Exploring the open source of graph computing frameworks

Amy Kelly
3 min readJul 5, 2021

In recent years, with the continuous improvement of server computing speed and the continuous decline of data storage costs, knowledge graphs, sensor networks, and social networks have achieved rapid development, making graph data an important source in big data. The top 100 companies in the world are gradually increasing the proportion of using graph databases, graph-driven algorithms and analysis will become the key technologies in the 2020s.

As graph computing continues to be popular today, understanding and mastering the graph computing framework will help data scientists discover the interdependence and correlation in big data. Now, I will introduce several well-known graph computing frameworks in the industry!

Frameworks 1: NetworkX

NetworkX was created in May 2002. It is a graph theory and complex network modeling tool developed in Python language. The package provides classes for graph objects, generators to create standard graphs, IO routines for reading in existing datasets, algorithms to analyze the resulting networks, and some basic drawing tools. By using NetworkX, you can store networks in standardized and non-standardized data formats, analyze network structures, establish network models, design new network algorithms, and perform network drawings.

Frameworks 2: GraphX

GraphX is a Spark API, which is used for graph and parallel graph calculations. The property graph is parameterized over the vertex and edge types. These are the types of objects associated with each vertex and edge respectively. GraphX combines graph-parallel computing and data-parallel to the system, which efficiently executes complex graph algorithms.
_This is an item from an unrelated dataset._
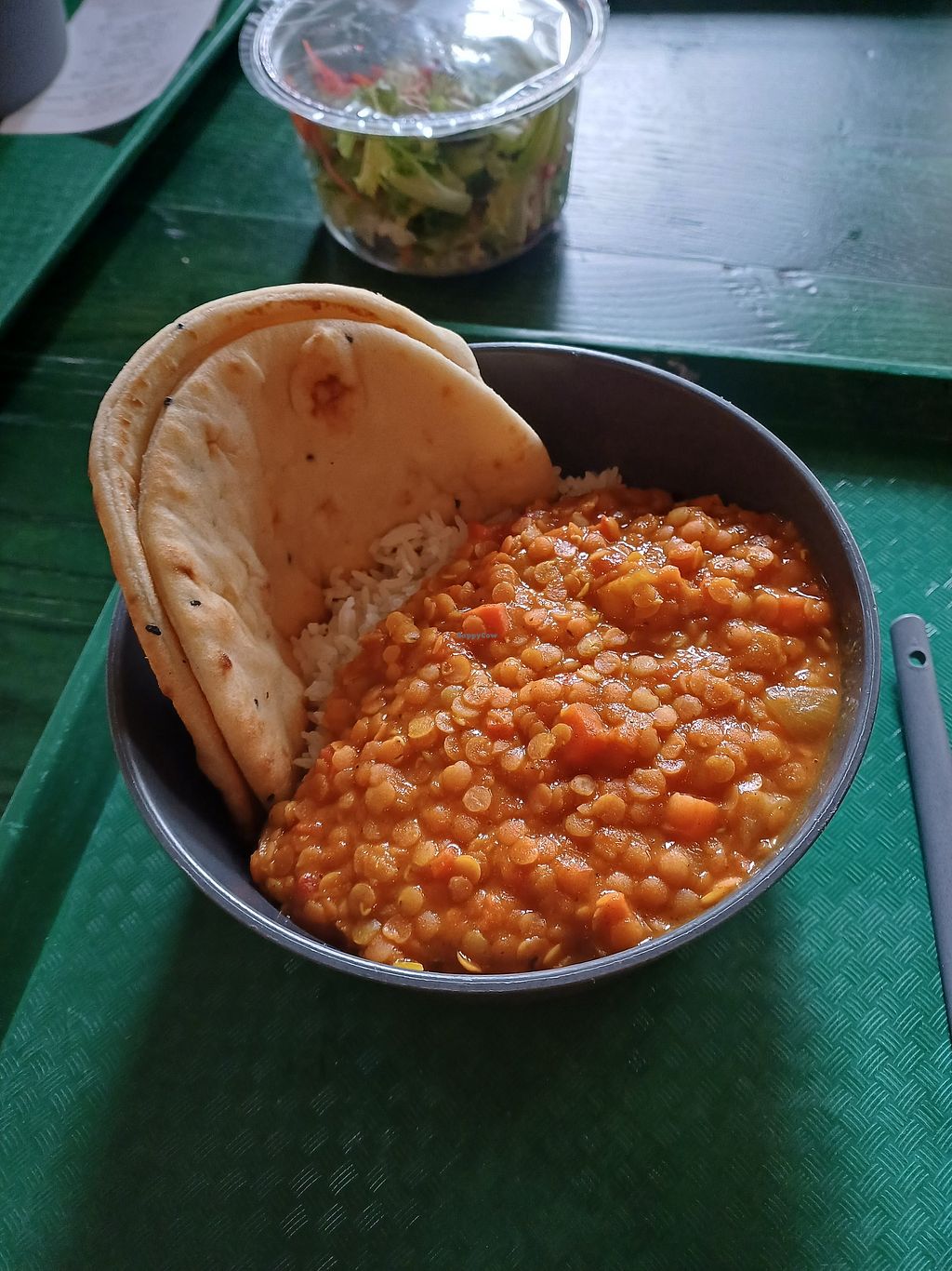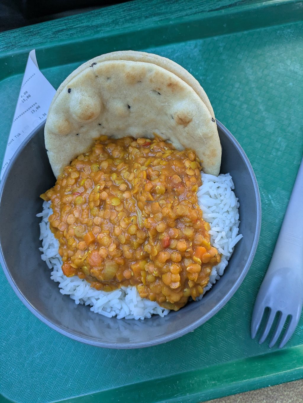 I wasn't expecting much, and I was pleasantly surprised. The lentil dahl was actually tasty, and it changes from the usual burger and fries.

Although distributed graph systems can calculate PageRank and other algorithms very well, they are not suitable for constructing graphs from different data sources or calculating features across multiple graphs. The calculation view of distributed graph systems can not handle those requirements for constructing and transforming graph structures. Therefore, the graph pipeline must be implemented by combining graph-parallel and data-parallel, this combination will inevitably lead to a large amount of data movement and data replication. It will also make such a system extremely complicated.

Frameworks 3: CuGraph

CuGraph is a collection of graphics algorithms implemented by Nvidia on Nvidia GPUs. Traditional machine learning wastes a lot of resources. To improve the efficiency of GPU utilization, RAPIDS specifically designed the CuGraph module to process graph data.

CuGraph is a collection of Python-based graphics algorithms implemented on Nvidia GPUs, which can speed up graphics processing and is mainly used to perform high-performance analysis on graphics. Data scientists and software developers can use these libraries to integrate GPU functionality into their work without understanding all the implementation and hardware details. CuGraph is a graph data analysis framework and cannot be used to replace graph databases. The main emphasis of CuGraph has shifted to common functions of databases such as adding, deleting, modifying, and querying when they analyze graph data.

Frameworks 4: GraphScope

GraphScope is a one-stop graph computing platform developed and open source by Alibaba Dharma Academy’s Intelligent Computing Laboratory. It relies on Alibaba’s massive data and richer scene information.

GraphScope can simultaneously support automatic parallelization of algorithms and automatic incremental processing of dynamic graph updates, data partitioning, and metadata management. It can provide zero-copy data reading, one-stop and convenient development for upper applications. It supports Gremlin distributed compilation and optimization for the first time in the industry. It also provides various common analysis algorithms for connectivity computing, numerical computing, and achieving the ultimate performance of enterprise-level scenarios.

--

--